Work required:
From the first line to the last, restate the data exactly, leaving out the images.

Collected material:
=== Section Start ===
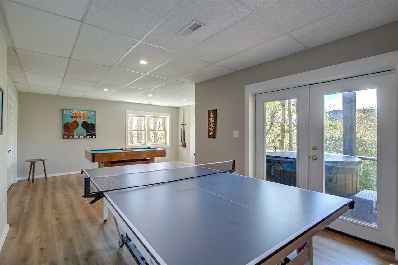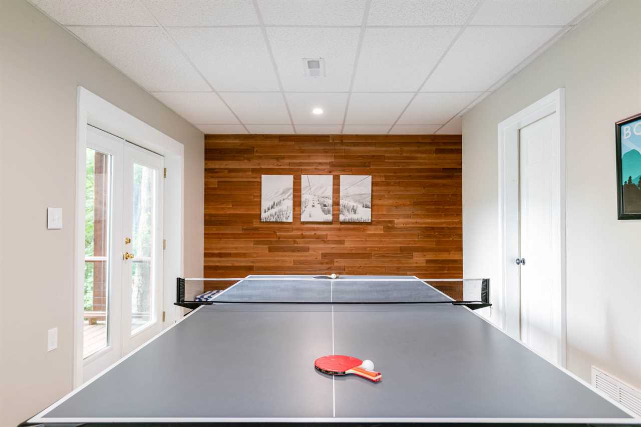 - Fun rec room basement with pool table, ping pong, board game cubby, and 65” TV
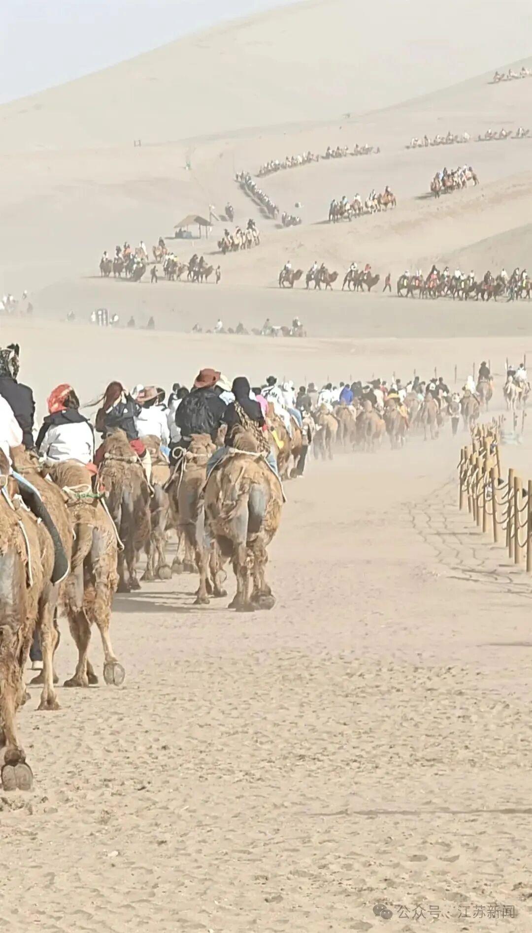 据景区工作人员介绍,骆驼骑行时长约40分钟,5人一队,有工作人员指引带队,下午高峰期时骑骆驼会排队,大概半个小时左右。
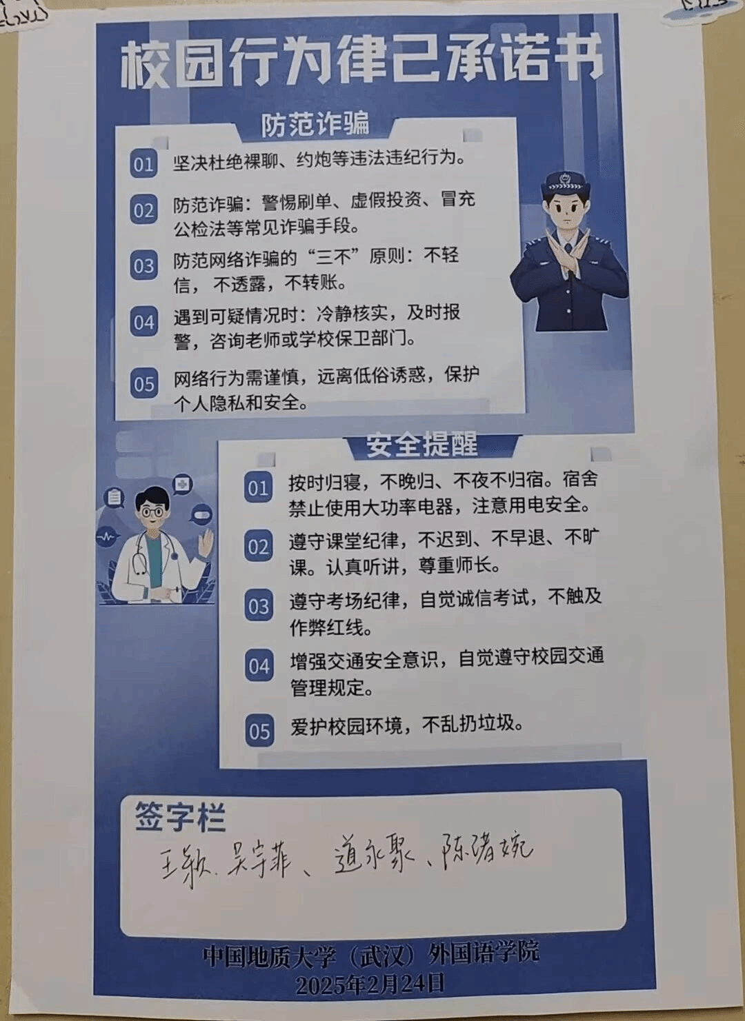 taptap点点体育本研学生积极参与本次活动,校园行为律己承诺书发放到寝室后,同学们以寝室为单位进行承诺书的研读和学习探讨,明确了新学期学习生活律己要求,熟读了反诈提醒与安全建议,进行了深入的反思与学习,并郑重地在承诺书签字栏处留下签名,表达了对校园安全稳定的支持与承诺。这一活动不仅增强了学生的自律意识,也进一步凝聚了集体力量,为构建安全和谐的校园环境奠定了坚实基础。
=== Section End ===
Solved problem:
 - Fun rec room basement with pool table, ping pong, board game cubby, and 65” TV
 据景区工作人员介绍,骆驼骑行时长约40分钟,5人一队,有工作人员指引带队,下午高峰期时骑骆驼会排队,大概半个小时左右。
 taptap点点体育本研学生积极参与本次活动,校园行为律己承诺书发放到寝室后,同学们以寝室为单位进行承诺书的研读和学习探讨,明确了新学期学习生活律己要求,熟读了反诈提醒与安全建议,进行了深入的反思与学习,并郑重地在承诺书签字栏处留下签名,表达了对校园安全稳定的支持与承诺。这一活动不仅增强了学生的自律意识,也进一步凝聚了集体力量,为构建安全和谐的校园环境奠定了坚实基础。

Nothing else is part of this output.